Chaotic Dynamics are Intrinsic to Neural Network Training with SGD

Welcome to the repository of our NeurIPS 2022 paper "Chaotic Dynamics are Intrinsic to Neural Network Training with SGD"

This repository is structured in two subfolders: A folder o2grad, containing the O2Grad package and a folder experiments, containing the files used to run the experiments in the respective section of the paper.
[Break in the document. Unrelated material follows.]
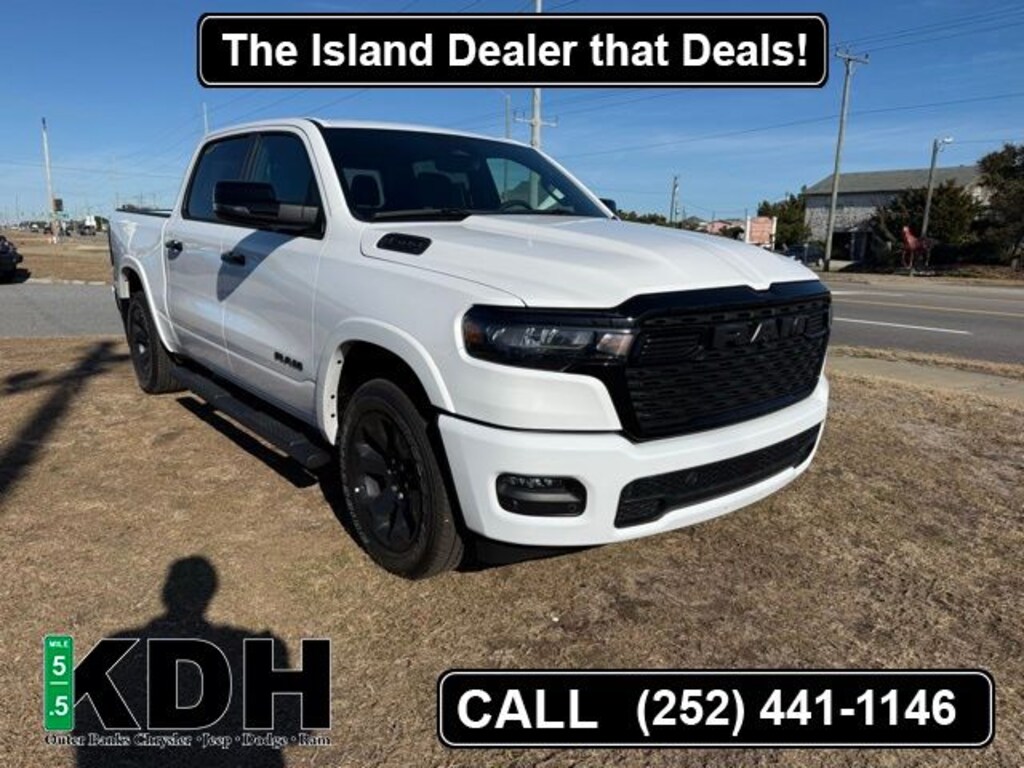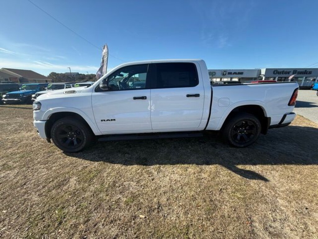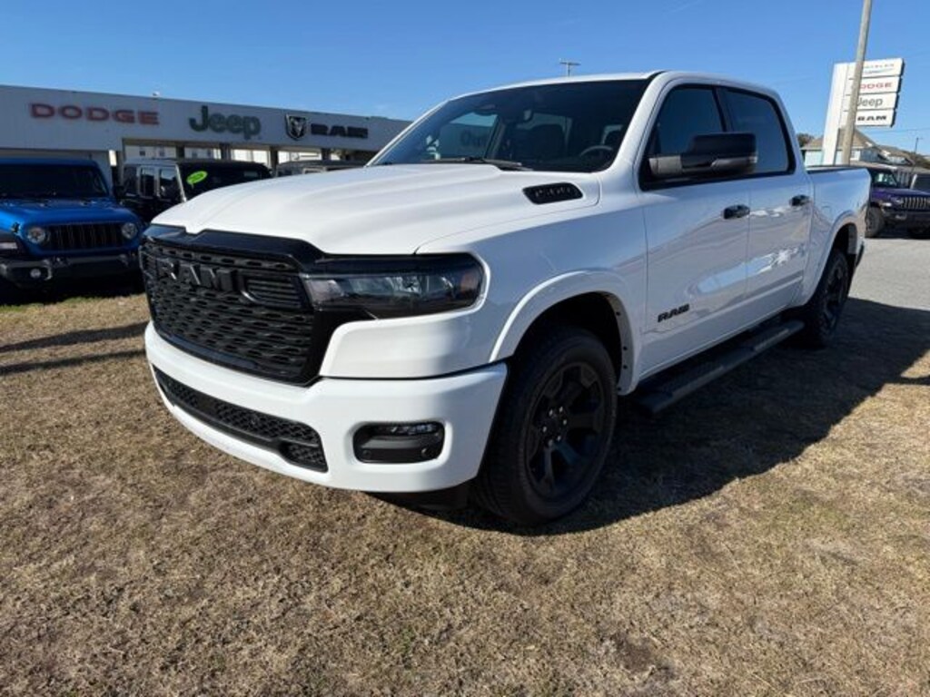 Equipped with Big Horn Level 2 Equipment Group (115V Auxiliary Power Outlet, 115V Auxiliary Rear Power Outlet, 12" Touchscreen Display, 2nd Row in Floor Storage Bins, 3 Rear Seat Head Restraints, 4 Way Front Headrests, 400W Inverter, 4G LTE Wi-Fi Hot Spot, 9 Amplified Speakers with Subwoofer, Air Conditioning ATC with Dual Zone Control, Apple CarPlay, Auto Power-Folding Mirrors, Auto-Dimming Exterior Driver Mirror, Auto-Dimming Rear-View Mirror, Black Exterior Mirrors, Black Premium Power Mirrors, Body Color Fender Flares, Bucket Seats, Center Console Parts Module, Cluster 7.0" TFT Color Display, Configurable Drive Mode, Connected Travel and Traffic Services, Connectivity - US/Canada, Convex Wide-Angle Exterior Mirror Insert, Deluxe Cloth Bucket Seats, Disassociated Touchscreen Display, Exterior Mirrors Courtesy Lamps, Exterior Mirrors with Heating Element, Exterior Mirrors with Supplemental Signals, Front Seat Back Map Pockets, Full Length Floor Console, Global Telematics Box Module, Glove Box Lamp, Google Android Auto, GPS Antenna Input, GPS Navigation, HD Radio, Heated Front Seats, Heated Steering Wheel, Integrated Center Stack Radio, Integrated Voice Command with Bluetooth, Leather Wrapped Steering Wheel, LED Dome Lamp with on/Off Switch, LED Footwell Lighting, Manual Adjust 4-Way Front Passenger Seat, Media Hub with 2 Charge Only USBs, Overhead LED Lamps, Power 2-Way Driver Lumbar Adjust, Power Adjust 8-Way Driver Seat, Power Adjustable Pedals, Premium Overhead Console, Radio: Uconnect 5 Navigation with 12.0" Display, Rear 60/40 Folding Seat, Rear Center Armrest, Rear Power Sliding Window, Rear Window Defroster, Remote Tailgate Release, Security Alarm, SiriusXM Radio Service, SiriusXM with 360L, Steering Wheel Mounted Audio Controls, Sun Visors with Illuminated Vanity Mirrors, Universal Garage Door Opener, and USB Host Flip), Night Edition (Accent Color Door Handles, Accent Color Premium Power Mirrors, Accent Color Tailgate Handle, Anti-Spin Differential Rear Axle, Black Exterior Truck Badging, Black Headlamp Bezels, Black Interior Accents, Black Painted Exterior Mirrors Caps, Black Tail Lamp Bezels, Body Color Front Bumper, Body Color Rear Bumper with Step Pads, Dual Exhaust with Black Tips, Grille Black Surround Black Mesh, RAM Grille Badge - Black, and Wheels: 20" x 9.0" Aluminum Painted Clad), Quick Order Package 21Z Big Horn, 33 Gallon Fuel Tank, 4-Wheel Disc Brakes, 48V Belt Starter Generator, 6 Speakers, ABS brakes, Air Conditioning, Alloy wheels, AM/FM radio, Apple CarPlay/Android Auto, Auto High-beam Headlights, Brake assist, Bumpers: chrome, Cloth Bucket Seats, Compass, Delay-off headlights, Driver door bin, Dual front impact airbags, Dual front side impact airbags, Electronic Stability Control, Front anti-roll bar, Front Bucket Seats, Front Center Armrest w/Storage, Front fog lights, Front License Plate Bracket, Front reading lights, Front wheel independent suspension, Fully automatic headlights, Heated door mirrors, Illuminated entry, Low tire pressure warning, Manual Adjust 4-Way Driver Seat, Manual Folding Exterior Mirrors, MOPAR Front and Rear Rubber Floor Mats, Occupant sensing airbag, Outside temperature display, Overhead airbag, Overhead console, Panic alarm, ParkView Rear Back-Up Camera, Passenger door bin, Passenger vanity mirror, Power door mirrors, Power steering, Power windows, Radio data system, Radio: Uconnect 5 W with 8.4" Display, RAM Grille Badge - Chrome, Rear anti-roll bar, Rear step bumper, Rear Wheelhouse Liners, Remote keyless entry, Speed control, Supplier Part Tracking (J-1), Tachometer, Telescoping steering wheel, Tilt steering wheel, Traction control, Trailer Brake Control, Trip computer, Variably intermittent wipers, and Voltmeter. Price includes: $3500 - 2026 National Retail Bonus Cash . Exp. 03/31/2026

To reproduce the experiments, you will need to go through the following 3 steps:

1. Setup the Python environment

Recreate the Python virtual environment by entering in a terminal from inside the repository root folder:

> python -m venv .chaotic_nips22
> pip install -r requirements.txt

If you prefer conda for package management, we highly recommend you use mamba to install the dependencies. Install by running

> conda install mamba -n base -c conda-forge
> mamba env create -f environment.yml

2. Setup O2Grad

Setup the o2grad package by running from a terminal inside the repository root folder:

> cd o2grad
> python setup.py develop

2.1 If you're experiencing problems with the installation

Here is a list of the main dependencies:

pip install torch==1.11.0+cu113 torchvision==0.12.0+cu113 torchaudio==0.11.0 -f https://download.pytorch.org/whl/torch_stable.html
pip install torch-scatter torch-sparse -f https://data.pyg.org/whl/torch-1.11.0+cu113.html
pip install hydra-core --upgrade
pip install neptune-client
pip install pytorch-lightning
pip install matplotlib

Be sure to choose the right cudatoolkit for Pytorch for the cuda version on the GPU if you plan to run experiments on GPU.

3. Rerun the experiments

Finally, you will need to modify train.py in experiments/ to suit your needs. We provide two logging options: Neptune.ai (recommended) or Tensorboard. Assuming you have an account on neptune.ai, the simplest solution would be to replace the following lines in train.py:

#L108-109 in train.py:

# api_key='XXXX',
project='username/project_name',

with your own Neptune API key and your own project name to log your experiments there.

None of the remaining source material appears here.